After McLean Howard moved out of the Glen Duart Ravine, a large real estate company decided to renovate the estate into homes that are still there today. The company called the property Stewart Manor. They hired Lorrie Alfreda Dunington-Grubb, probably one of the best known landscape architects of her time, to design the landscaping. She was born in England and studied garden design and later landscape architecture. After coming to Canada with her husband they established the well-known Sheridan Nurseries.

South of Queen

Below Queen Street the ravine extended to the lake. This land had a stream running into the lake. At one time this was a farm belonging to a Mr. O’Connor. Later O’Connor willed the land to a religious order and it became the House of Providence Farm. In 1907 the land was bought by a syndicate that built the Scarboro Beach Amusement Park, which lasted until 1926. Later it was developed into the Price Brothers housing complex, with outstanding four-plexes, many still relatively unchanged.

The present ravine

Glen Stewart Ravine to me and many other Beachers is like an oasis in the desert. When one starts to walk south through the nature trail it’s like another world. You can hear birds chirping, the sound of the small babbling brook, but you can’t hear the noisy traffic of the city. In the spring you can see migrating birds heading south – a bird-watcher’s paradise. Besides the birds and animals one can see a variety of trees.

This idyllic setting was a utopia for people like the late, great naturalist Fred Bodsworth, who told me about this great escape from the city.

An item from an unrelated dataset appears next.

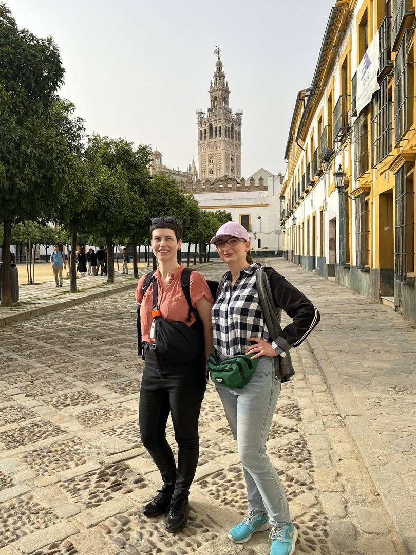 Czas po zajęciach przeznaczyłyśmy na odkrywanie kultury i tradycji stolicy Andaluzji, gdzie przenikają się wpływy arabskie, chrześcijańskie i żydowskie. Podążałyśmy szlakiem pisarzy z Generacji ‘27, zwiedziłyśmy Alcazar, Plac Hiszpański, katedrę i Giraldę, podziwiałyśmy ceramiczne detale obecne na każdym kroku. Odwiedziłyśmy Królewską Fabrykę Cygar (w której mieści się teraz uniwersytet) znaną z opery „Carmen” Georges’a Bizeta. Poszukując w tkance miejskiej proekologicznych rozwiązań, dotarłyśmy do Metropol Parasol zwanego również Setas, największej na świecie drewnianej konstrukcji, będącej ikoną Sewilli i symbolem zrównoważonej architektury. Odwiedziłyśmy także Fundację Mas, promującą rozwój poprzez edukację i działania społeczne.

It is best that you come here yourself to hear, smell, and see the wonders of this great nature trail. When walking through this green maze you can go back in time hundreds of years to when the native people travelled these areas. Coming down to Glen Manor you can see the vestiges of the ponds that used to be there long ago. Going under the bridge and south to the waterfall in Ivan Forrest Gardens, one can thank the Lord (and the parks department) for keeping this a great site for all.